Concerning the comparison of accuracies, the only object-based approach which reported regeneration cover is from Amiri et al. [11]. They achieved an average of 60% detected regeneration cover and on single plots they reached up to 70%. This refers to errors of 40% and 30% which are a relatively small when considering the use of airborne data. However, our method could strongly improve the accuracy, since the largest mean error in the case of established regeneration amounted only 8.08%. In order to compare our results to a broader range of studies, we also considered non-object-based methods, like height-based point distribution approaches. For these types of methods Wing et al. reported outstanding good results with an error of ±22% and a bias of 0%. The disadvantage of their approach is, that they cannot differentiate individual tree objects of the regeneration.
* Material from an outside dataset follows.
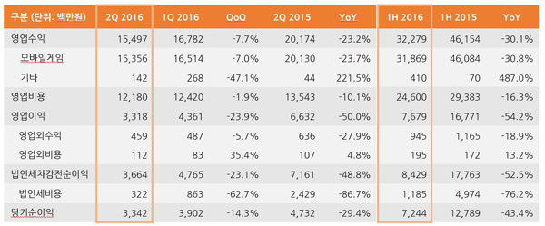 5일 공시된 회사의 2분기 매출은 155억원으로 2016년 1분기 매출인 168억원 대비 7.7% 하락한 수치다. 또 영업이익은 33억원으로 1분기 영업이익인 43억원 대비 23.9% 감소했으며 당기순이익은 33억원으로 1분기에 기록한 39억원 대비 14.3% 감소한 것으로 나타났다.

This means that their method requires clearly separated forest layers. Hill and Broughton report correspondences of detected understory tree cover with field data of 77% in leaf-on state and 72% in leaf-off state [13]. The good results were achieved by seasonal timing and by considering all trees below the overstory canopy. Therefore, their method was not restricted to regeneration trees of defined size limits. Similarly, Morsdorf et al. estimated the vegetation cover of subdominant layers from ALS data with an accuracy of 48% [17]. Generally, the strongly varying definitions and thresholds used for understory estimation, which mostly do not match the size limits of forest regeneration, makes comparisons difficult. Independent from differences between approaches, it can be seen that the new method presented in this study achieved the best results. This demonstrates the advantage of using TLS data for regeneration estimation as well as the effectivity of our methodical framework.

6. Conclusions

The present study described a new method for estimating ground coverage of forest regeneration. In comparison to other studies, it used TLS instead of ALS data and introduced a processing framework which handled high data densities in combination with 3D object-based image analysis. Until now, this combination of properties was not used before and the accuracy of the results was better than earlier approaches. Methodically, the direct analysis of volumetric 3D data avoided to fall back to DSM-based methods or height distribution metrics of the point cloud. The use of TLS data allowed more precise and complete detection of suppressed trees, but it is not suitable for continuous wide area surveys. Instead, we tested our method on the basis of sample plots and adapted the analytical concept to the practices of the Swiss NFI. This supports potential integration into practical application and sample-based inventories. Since our method was developed on datasets in temperate montane forest which has a protective function against alpine natural hazards, additional tests with other types of forest should be carried out in the future. An interesting extension would be, to investigate the applicability of our method for unmanned aerial vehicle LiDAR, where the sensors are mounted on drone platforms. This could be an intermediate solution for surveying continuous areas on regional scale, since higher point densities and higher scan angles can be reached compared to classical ALS data.